- [WHAT IS BEING ASKED]:
Restate, word for word and with no pictures, the stretch of lines in the data below that begins at the line with "Türkisblaue Ankerwasserfarbe mr" and ends at the line with "Aland ( Finland", inclusive.

- [RECORDS]:
'''

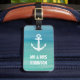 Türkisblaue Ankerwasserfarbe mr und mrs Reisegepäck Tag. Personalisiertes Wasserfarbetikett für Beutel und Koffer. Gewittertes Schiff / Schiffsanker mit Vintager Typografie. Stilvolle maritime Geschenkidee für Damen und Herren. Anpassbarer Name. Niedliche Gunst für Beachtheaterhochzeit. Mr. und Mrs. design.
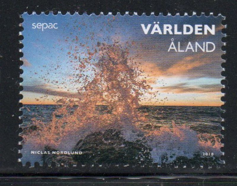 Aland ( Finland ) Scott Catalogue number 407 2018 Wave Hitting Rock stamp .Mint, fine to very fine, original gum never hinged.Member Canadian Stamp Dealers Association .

'''
'''

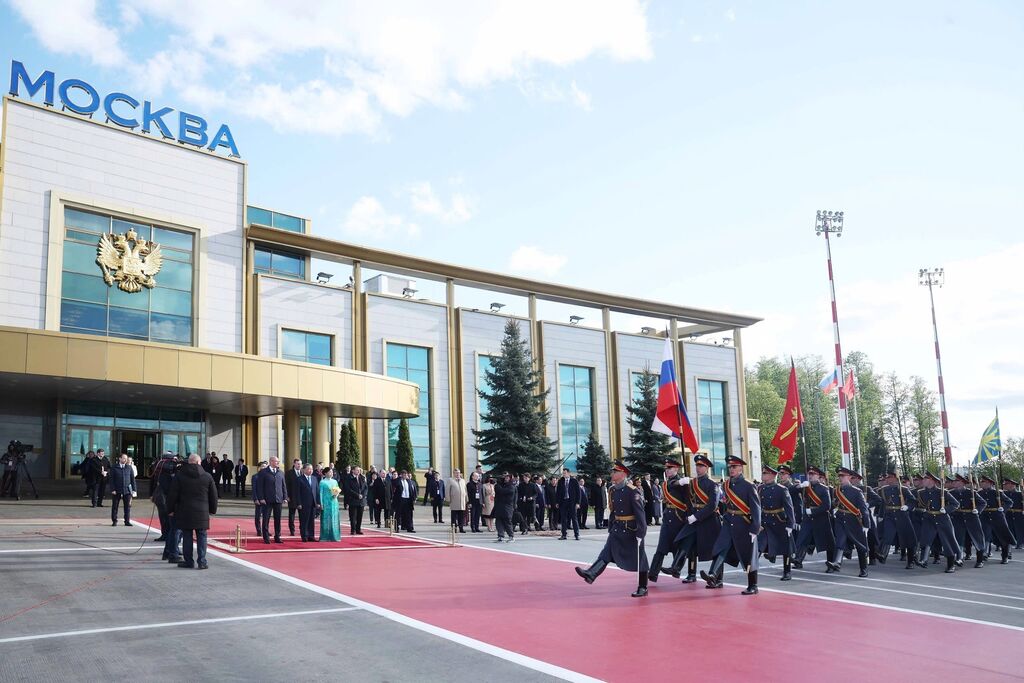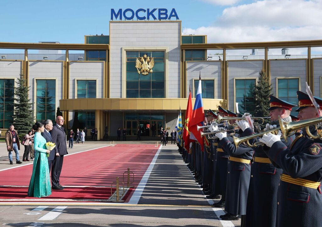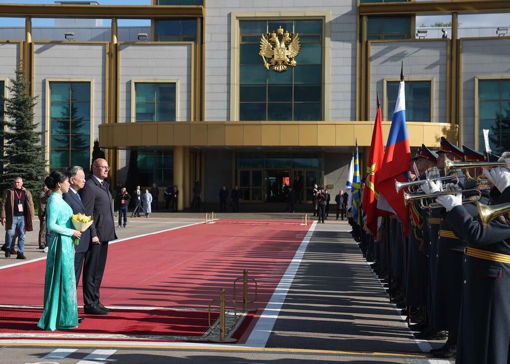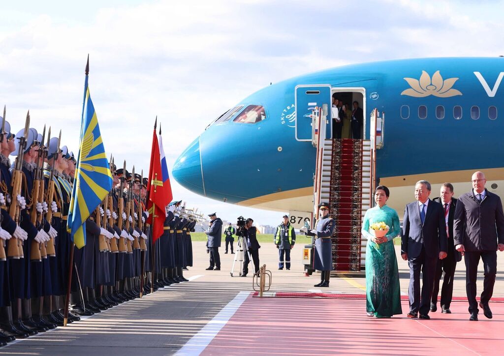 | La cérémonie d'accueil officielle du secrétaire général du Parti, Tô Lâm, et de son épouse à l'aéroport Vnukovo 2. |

'''

- [EXERCISE SOLUTION]:
 Türkisblaue Ankerwasserfarbe mr und mrs Reisegepäck Tag. Personalisiertes Wasserfarbetikett für Beutel und Koffer. Gewittertes Schiff / Schiffsanker mit Vintager Typografie. Stilvolle maritime Geschenkidee für Damen und Herren. Anpassbarer Name. Niedliche Gunst für Beachtheaterhochzeit. Mr. und Mrs. design.
 Aland ( Finland ) Scott Catalogue number 407 2018 Wave Hitting Rock stamp .Mint, fine to very fine, original gum never hinged.Member Canadian Stamp Dealers Association .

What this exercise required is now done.